BR: R. A. Torrey went to Yale. And he was in contact with most of the thinking that was popular in the high intellectual period at the turn of the twentieth century, Darwinism being one of them. What else would you say characterized intellectual thought in the twentieth century that was distinct to that period?

FS: Well, a lot going on in social thought, of course; Marxism begins to make itself known at this time. In Christianity, biblical criticism, that is to say, a skeptical, historical method of approaching scripture so that you apply a kind of historical criticism and skepticism to everything you read in Scripture. Such as your first question is, did that really happen? (laughs) As opposed to, Wow! Look at all the wonderful things that happened. The skeptical, historical, critical mindset comes to it always with verification questions, always with a high bar of proof. And so you can trace this out in any of the ranges of biblical studies, in the Old Testament, the first five books of the Bible—the Pentateuch—the ascendancy of the documentary hypothesis which is this German higher critical theory that there are at least four, and probably many more sources you can identify in the books traditionally taught to be by Moses. So there’s one author who calls God, Yahweh, there’s another author who calls God, Elohim. Then there’s this priestly author who gets a hold of it and later on a Deuteronomist gets a hold of it and edits it in various other ways.

BR: That’s an argument for, what would you say, for the certain inerrancies…no, no, for what?

FS: It’s just a theory of layers of composition evident in Scripture that is not a part of the church’s traditional confession. It could be put forward in a…you could have had views like that, just in terms of literary observations about what is going on in the text.

BR: What if these higher criticisms were sort of brought …not true to biblical tradition at the turn of the twentieth century, and people at Biola, how did Biola respond to this higher criticism of the Bible at the turn of the twentieth century?

FS: Biola’s called into existence in order to combat this. This is considered the big problem that the denominations and seminaries were not doing an adequate job confronting. People in the denominational seminaries were saying so, you know, D. B. Warfield and J. Gresham Meacham were yelling about this at the top of their lungs within the schools. Sam Sutherland—to jump to sort of the middle of this group at Biola—Sam Sutherland would be president of Biola in the middle of the twentieth century. Back in the twenties, he was a student at Princeton Seminary where—picture Sam Sutherland in, say, 1922, studying at Princeton Seminary—only to see Princeton Seminary going the way of modernism and expelling, in fact, J. Gresham Meacham form its ranks. So he had to go out and start Westminster Seminary.

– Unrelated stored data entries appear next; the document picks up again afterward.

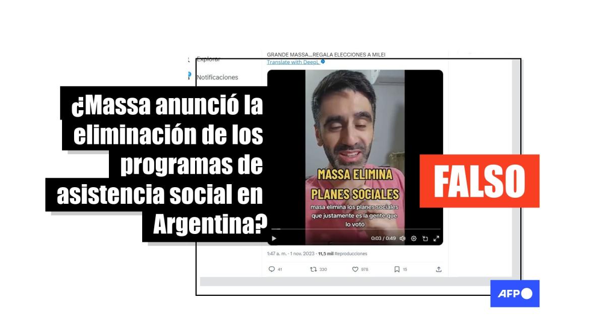 El candidato argentino Sergio Massa no anunció que eliminará los programas sociales
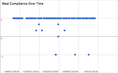 This chart counts cheat days as compliant, but I still need to tweak the cheat days to get the right amount of carb intake and right duration of carb refeeding. I think I went overboard a few times, and that might explain why at the moment I'm only down about a pound from my starting weight. Still, I'm learning a ton. Interesting stuff, nutrition.
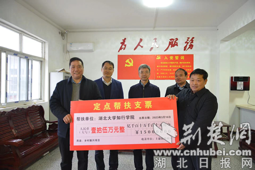 荆楚网(湖北日报网)讯(通讯员 许海涛、熊万斌、陶承发)3月16日,湖北大学知行学院党委书记彭德忠一行将15万元乡村振兴资金和粮油及物资送到十堰市竹山县上庸镇磨滩村。该县副县长刘洋、县教育局长罗淳及上庸镇相关干部参加捐赠仪式。
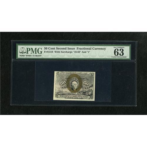 <B>Fr. 1318 50c Second Issue PMG Choice Uncirculated 63 EPQ.</B></I> Fiery ink colors and razor sharp surcharges are found on this higher denomination type that is hindered only by a tight top margin.<BR><BR><b>Shipping:</b> Coins & Currency (<a target="_blank" href="http://www.heritageauctions.com/common/shipping.php">view shipping information</a>)
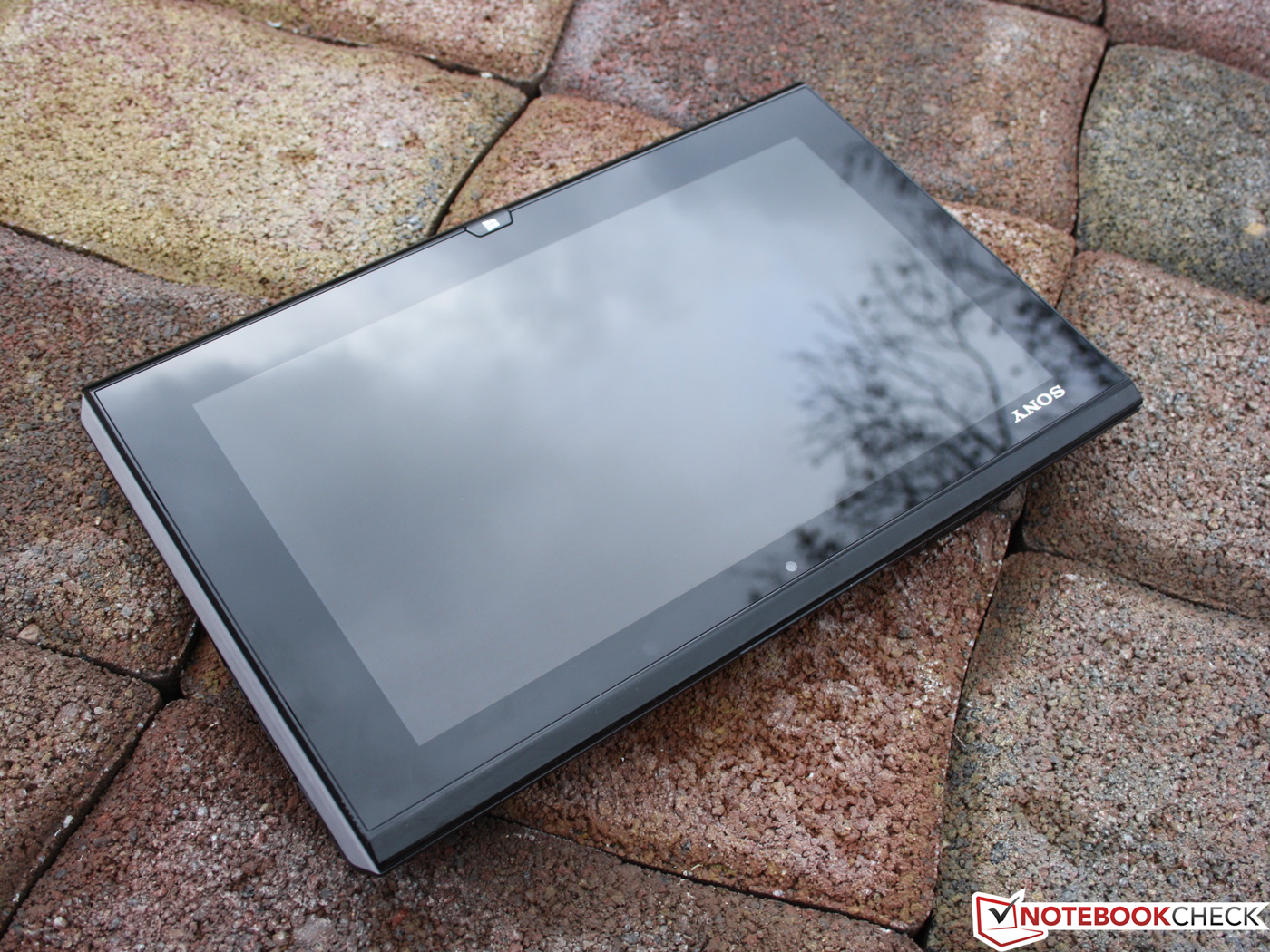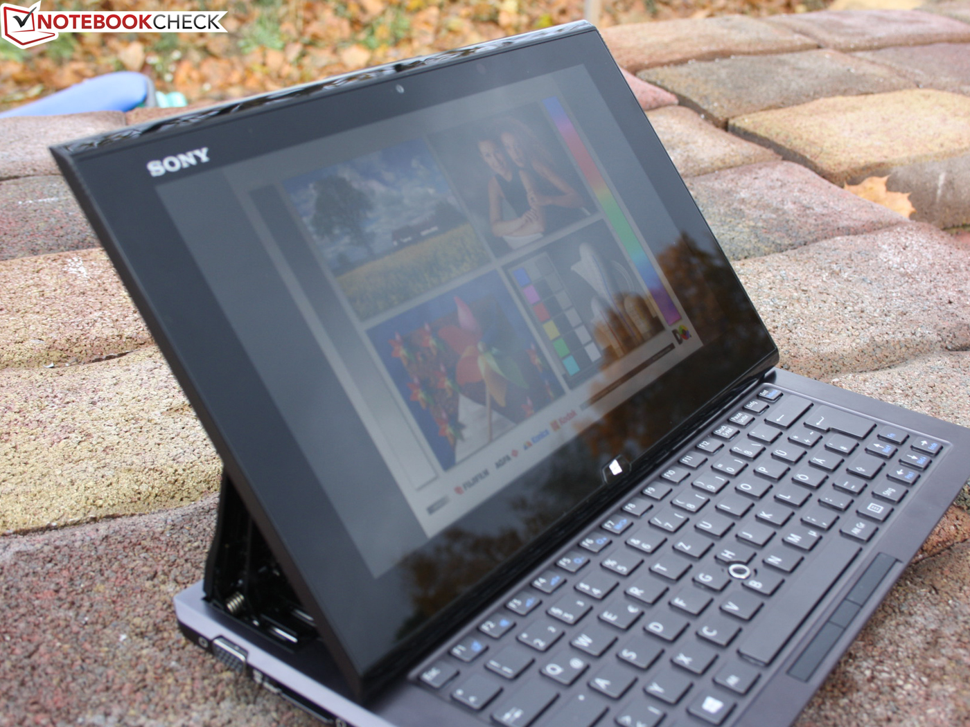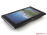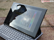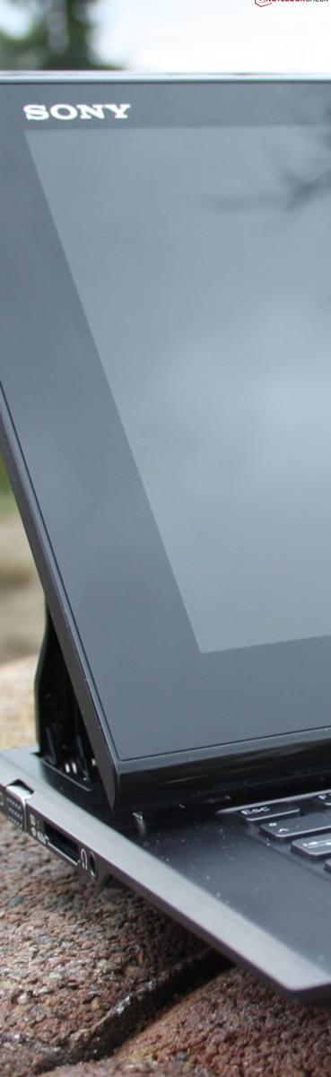 Im Tablet-Modus ist das Panel neben dem Gelenk an vier Haken mit der Base Unit verbunden. Weil selbige einen halben Zentimeter breiter ist als das TFT, hat der Nutzer beim Hantieren den Eindruck eines Slate-PCs, der aus einem Stück besteht. Die Fläche des Touch Panels orientiert sich an der Festigkeit guter Tablets und gibt auf Druck kaum nach. Wir meinen, Sony ist eine exzellente Konstruktion gelungen, denn im Tablet-Einsatz offenbart sich dem Nutzer nicht zwangsläufig der zweiteilige Aspekt des Duo 11.

BR: They expelled J. Gresham Meacham?

FS: Yes, for…these people are not trying to be schismatic in the twenties. Someone like J. Gresham Meacham was a very respectable fundamentalist; I think what he got in trouble for—I don’t know the history of Princeton Seminary so well—I believe what he got in trouble for was, he didn’t want to give his missions money, his tithe, to his denomination for the work that they were doing overseas which they considered missionary work which he considered not the proclamation of the Gospel. I think he began to support an independent mission board instead of a denominational board, and that’s where a lot of the trouble started. You can see that, trying to be a loyal member of your denomination and thinking, I don’t trust my denomination with my mission dollars. Now what do I do? It’s a horrible conflict that conservatives found themselves in.

BR: Now, what is only… Speaking of conservatives, people—now how would you characterize the evangelical church, going on how it was in the beginning of the twentieth century? How was the middle century? How would you say, how’d it look then and how’s it looks now? Like, in reference to different factions inside the evangelical church.

FS: A comparison between the beginning of the twentieth century and the middle of the twentieth century?

BR: Yeah. How did the evangelical church exist in the beginning of the twentieth century, what sides in the church were for what? And how’d it look in the middle of the century?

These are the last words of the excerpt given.